Menteri ESDM menambahkan cadangan minyak nasional akan mendukung kebutuhan ASEAN.
Lebih lanjut, proyek ini diperkirakan menjadi bagian penting dalam strategi infrastruktur energi nasional.
Hub Cadangan Energi ASEAN
Secara umum, negara anggota ASEAN sepakat membentuk hub penyimpanan cadangan minyak demi menjaga pasokan di tengah gejolak geopolitik.
Mekanisme kerja sama itu melibatkan Malaysia, Brunei, Filipina, dan Indonesia sebagai pihak terkait.
Hub ini diharapkan dapat menyalurkan cadangan minyak ke negara anggota secara regional.
Menurut Bahlil Lahadalia, ide ini menekankan pembentukan hub untuk storage cadangan minyak bagi ASEAN.
Beliau menegaskan kerja sama dengan mitra regional akan memperkuat koordinasi energi lintas negara.
Ide ini dinilai relevan untuk menjaga kestabilan pasokan energi dalam berbagai skenario geopolitik.
Ide ini juga sejalan dengan upaya Indonesia mempersiapkan infrastruktur penyimpanan minyak nasional.
Rasionalnya, cadangan regional akan memberi opsi penyangga saat gangguan pasokan global.
Penguatan kapasitas regional disinyalir meningkatkan keamanan energi bagi kawasan.
Penempatan di Sumatera
Secara teknis, pemerintah Indonesia menawarkan lokasi penyimpanan minyak untuk cadangan regional.
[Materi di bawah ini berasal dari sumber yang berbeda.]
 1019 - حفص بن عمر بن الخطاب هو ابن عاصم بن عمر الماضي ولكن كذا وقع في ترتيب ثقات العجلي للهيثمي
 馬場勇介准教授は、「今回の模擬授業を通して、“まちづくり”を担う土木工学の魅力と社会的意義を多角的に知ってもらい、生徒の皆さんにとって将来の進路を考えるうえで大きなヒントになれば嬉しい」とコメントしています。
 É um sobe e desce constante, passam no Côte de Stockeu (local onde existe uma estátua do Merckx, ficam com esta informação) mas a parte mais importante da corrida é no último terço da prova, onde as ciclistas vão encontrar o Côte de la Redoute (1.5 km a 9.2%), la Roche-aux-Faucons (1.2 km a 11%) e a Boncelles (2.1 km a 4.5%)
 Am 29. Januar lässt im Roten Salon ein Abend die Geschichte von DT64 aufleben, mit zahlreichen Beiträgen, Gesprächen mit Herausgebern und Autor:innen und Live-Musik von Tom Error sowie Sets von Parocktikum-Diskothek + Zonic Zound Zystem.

Penempatan itu direncanakan berada di Kawasan Ekonomi Khusus KEK Sumatera.
Penempatan di Sumatera diharapkan mempercepat integrasi infrastruktur penyimpanan minyak nasional dengan kebutuhan negara anggota ASEAN.
Ia menambahkan studi kelayakan (FS) sedang berjalan untuk menilai kelayakan proyek.
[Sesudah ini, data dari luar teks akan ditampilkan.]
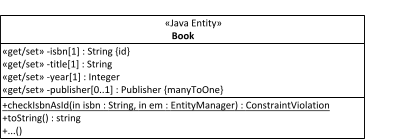 In a Java Entity class model, for any association end dot in the OO class model, we show the reference property representing the association end and annotate it with the functionality type of the unidirectional association represented by it. In our example, we add a reference property publisher in the entity class Book and annotate it with the association's functionality type manyToOne:
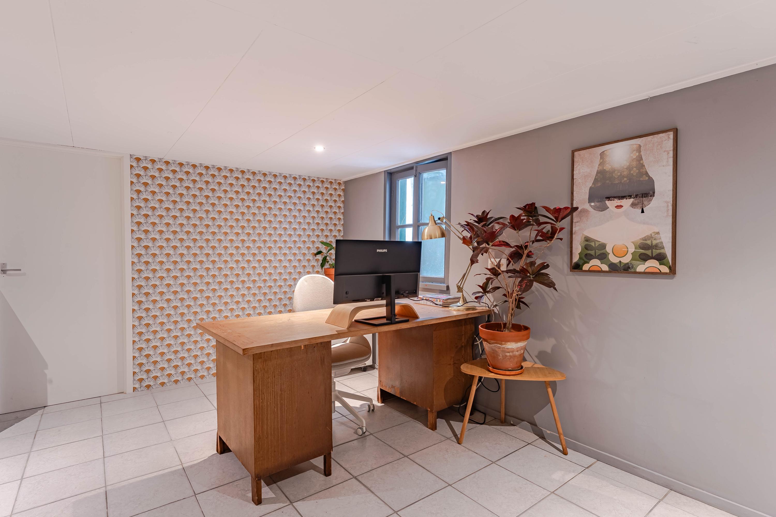 Het souterrain is een fijne extra woonruimte welke voor allerlei doeleinden kan worden gebruikt. Deze ruimte is nu in gebruik als kantoor en wasruimte. Tevens is hier de CV-ketel opgesteld (Nefit 2017). Verder heeft u vanaf hier toegang tot de ruime berging en schuur.
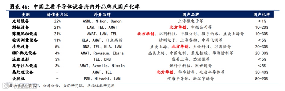 据机构统计,北方华创所在的刻蚀设备、薄膜沉积设备、清洗设备、热处理设备的国产化率分别为10% - 20%、10% - 30%、20% - 30%、30% - 40%。
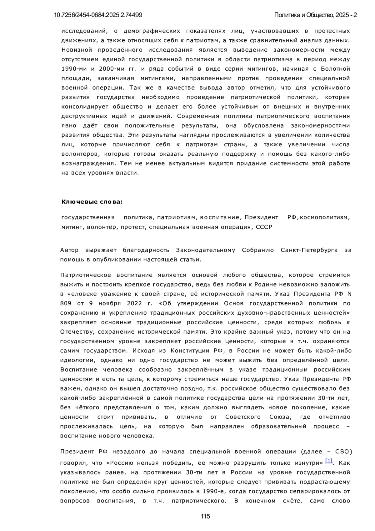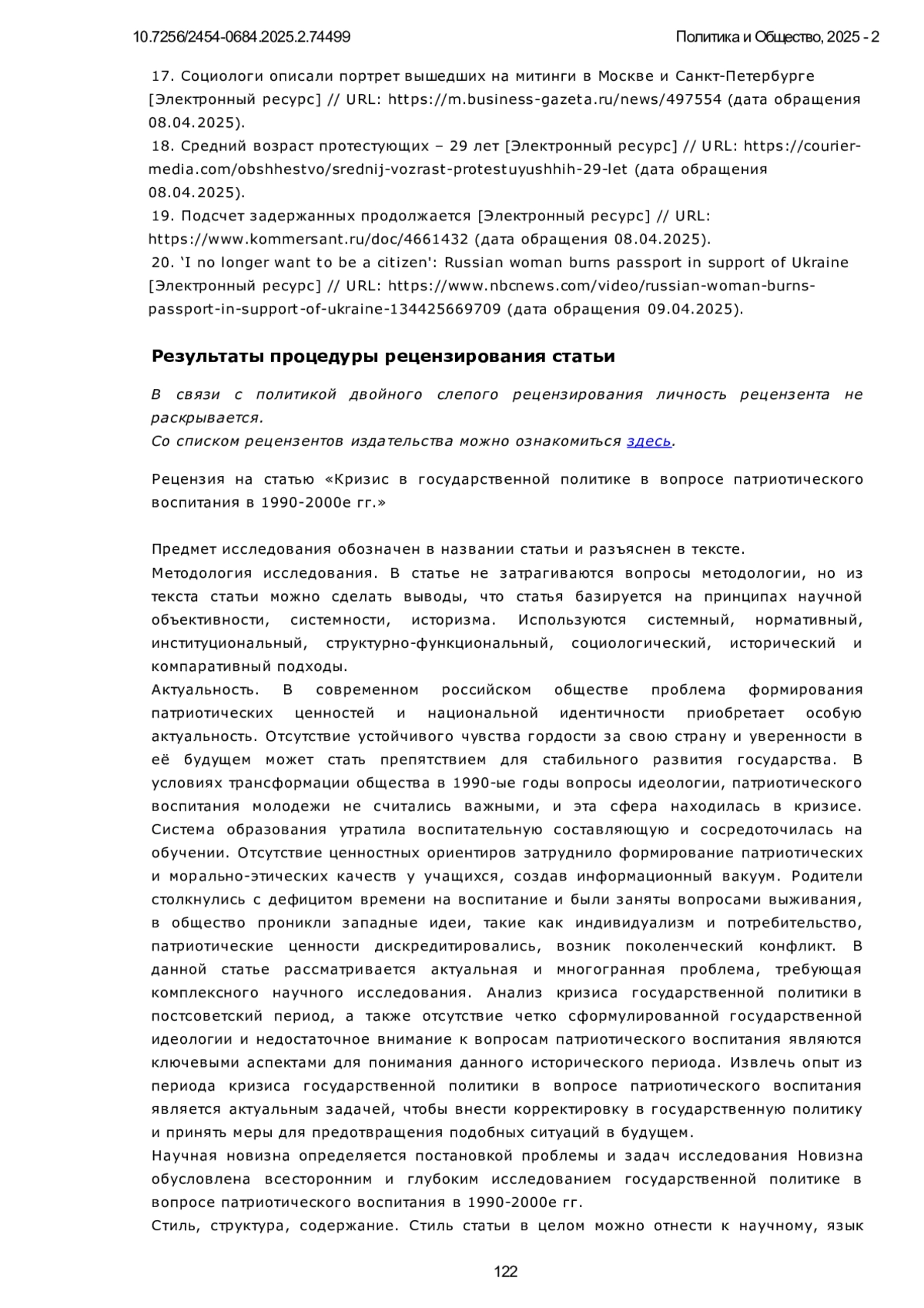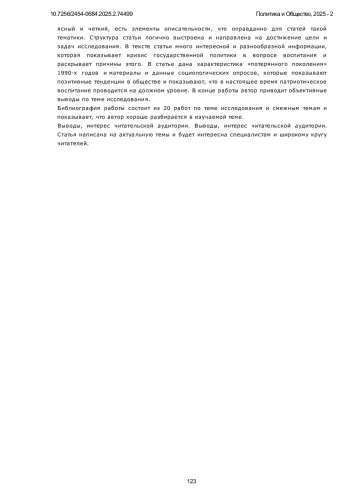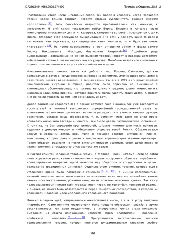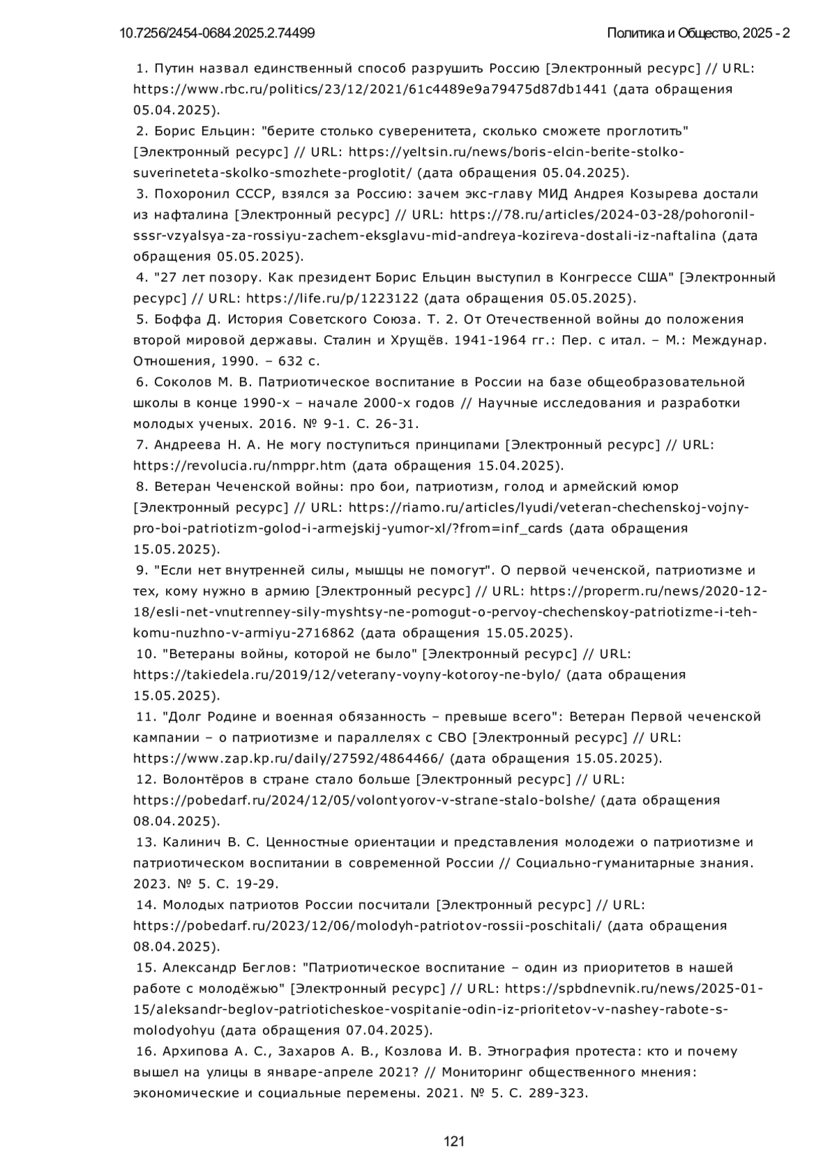 13. Калинич В. С. Ценностные ориентации и представления молодежи о патриотизме и патриотическом воспитании в современной России // Социально-гуманитарные знания. 2023. № 5. С. 19-29.

Proyek penyimpanan nasional Indonesia saat ini berada pada tahap feasibility study.
Penentuan lokasi akan menimbang hasil FS dan kajian teknis lain yang relevan.
Bahlil menegaskan ide tersebut tetap berjalan dan tidak tergantung pada satu pihak saja.
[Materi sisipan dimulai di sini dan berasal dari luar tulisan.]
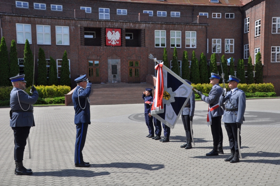 Uroczyste zakończenie szkolenia i wręczenie świadectw odbyło się na głównym placu apelowym słupskiej Szkoły Policji. Było to pierwsze zakończenie na placu od czasu ustania pandemii. Świadectwa słuchaczom wręczył Komendant Szkoły insp. Piotr Cekała wspólnie ze swoim Zastępcą mł.insp. Aliną Majchrzak. Uroczystość rozpoczęła się od podniesienia flagi państwowej na maszt przy dźwiękach Mazurka Dąbrowskiego.
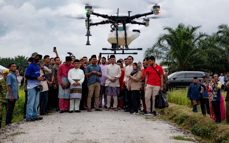 Beliau diberikan taklimat serta menyaksikan demonstrasi penggunaan perkhidmatan dron untuk kerja-kerja pertanian membabitkan kawasan tersebut.
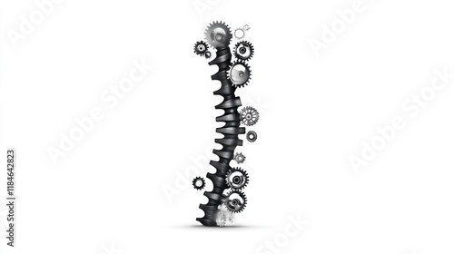 Mechanical spine design industrial workshop digital art abstract environment unique perspective innovation concept

Penempatan di KEK Sumatera akan menjadi landasan bagi pengembangan cadangan nasional itu.
Pelaksanaan akan mempertimbangkan logistik, biaya, dan dampak lingkungan.
Status Studi Kelayakan
Sejalan dengan rencana penyimpanan nasional, studi kelayakan FS saat ini masih berjalan.
FS bertujuan menilai kelayakan teknis dan finansial proyek serta dampak operasional.
Langkah ini diharapkan memastikan kepastian kebutuhan energi regional dapat terpenuhi secara berkelanjutan.
Menurut Bahlil, FS merupakan prasyarat penting sebelum investasi dan konstruksi dimulai.
Ia menambahkan bahwa hasil FS akan mengarahkan keputusan akhir terkait skala dan lokasi proyek.
Pihak terkait juga menilai FS dapat menarik minat investor regional.
Proyek penyimpanan minyak nasional tidak hanya mencukupi kebutuhan domestik.
Rencana ini juga diharapkan meningkatkan ketahanan energi ASEAN.
Ia menegaskan komitmen Indonesia pada kemitraan regional melalui inisiatif penyimpanan cadangan minyak.